The first line of the listing opens the range and the line with "Start with one-pan" closes it; repeat those lines and all between them word for word, leaving out the pictures.

DATASET CONTENT:

== Segment start ==

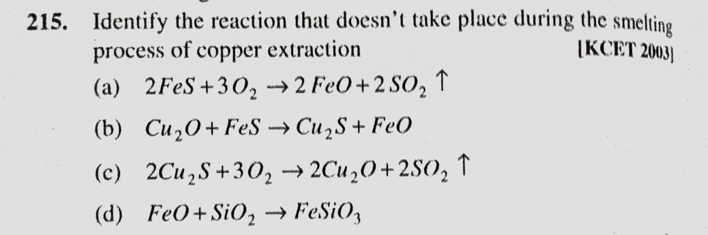 Identify the reaction that doesn’t take place during the smelting process of copper extraction Identify the reaction that doesn't take place during the smelting process of copper extraction December 2, 2020 Category: Uncategorised (JEE Advanced Physics by BM Sharma + GMP Solutions) , Facebook Messenger WhatsApp Share this:TwitterFacebook Related
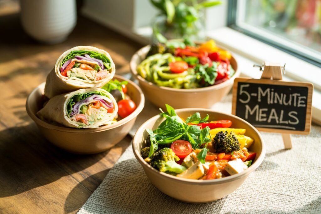 Start with one-pan stir-fries. Toss some tofu, frozen veggies, and soy sauce into a skillet, and you’ve got dinner in under 10 minutes.
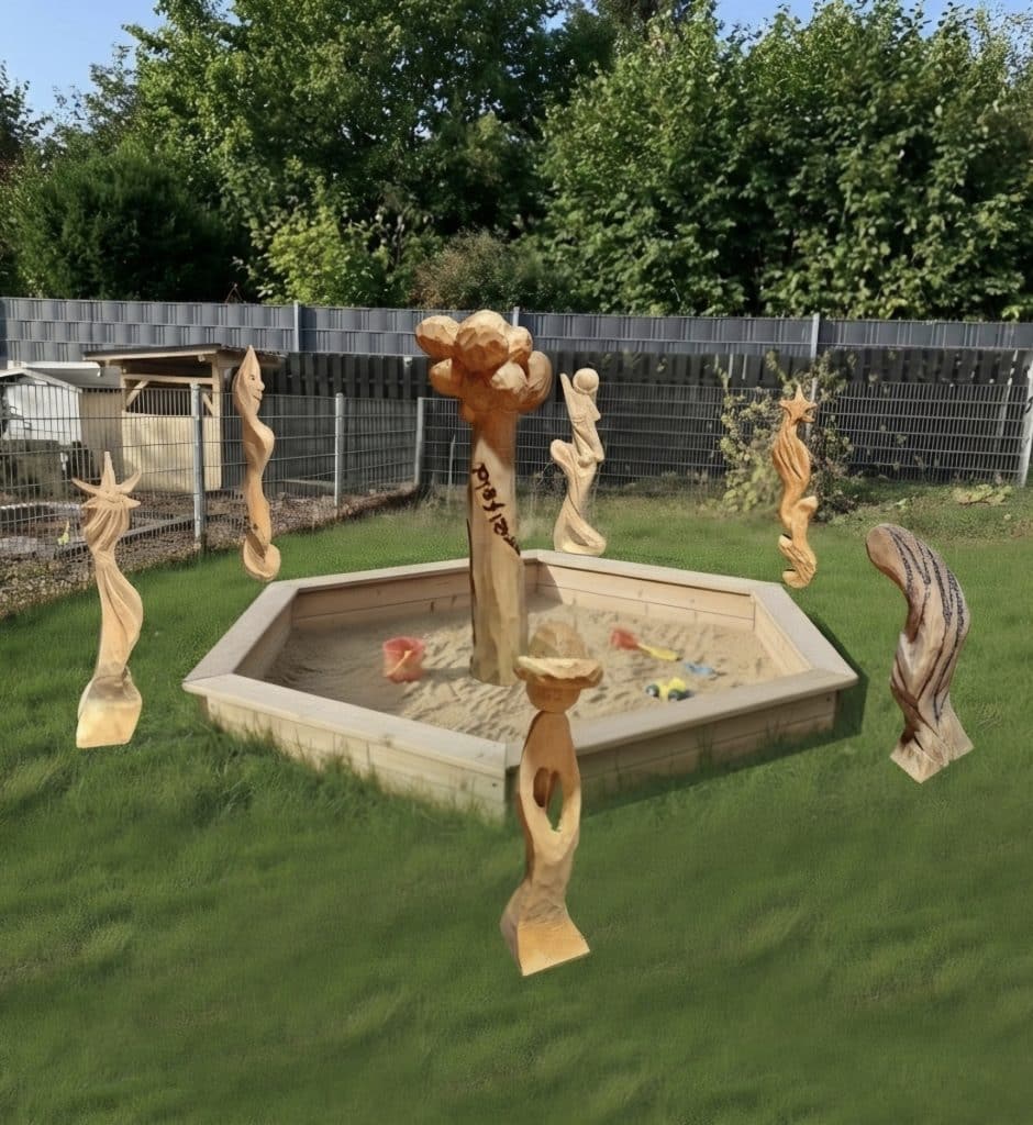Die 5 Stelen um den Sandkasten repräsentieren die 5 Kita-Gruppen, versammelt um das Himmelfeld im Mittelpunkt.

== Segment end ==

EXERCISE RESPONSE:
 Identify the reaction that doesn’t take place during the smelting process of copper extraction Identify the reaction that doesn't take place during the smelting process of copper extraction December 2, 2020 Category: Uncategorised (JEE Advanced Physics by BM Sharma + GMP Solutions) , Facebook Messenger WhatsApp Share this:TwitterFacebook Related
 Start with one-pan stir-fries. Toss some tofu, frozen veggies, and soy sauce into a skillet, and you’ve got dinner in under 10 minutes.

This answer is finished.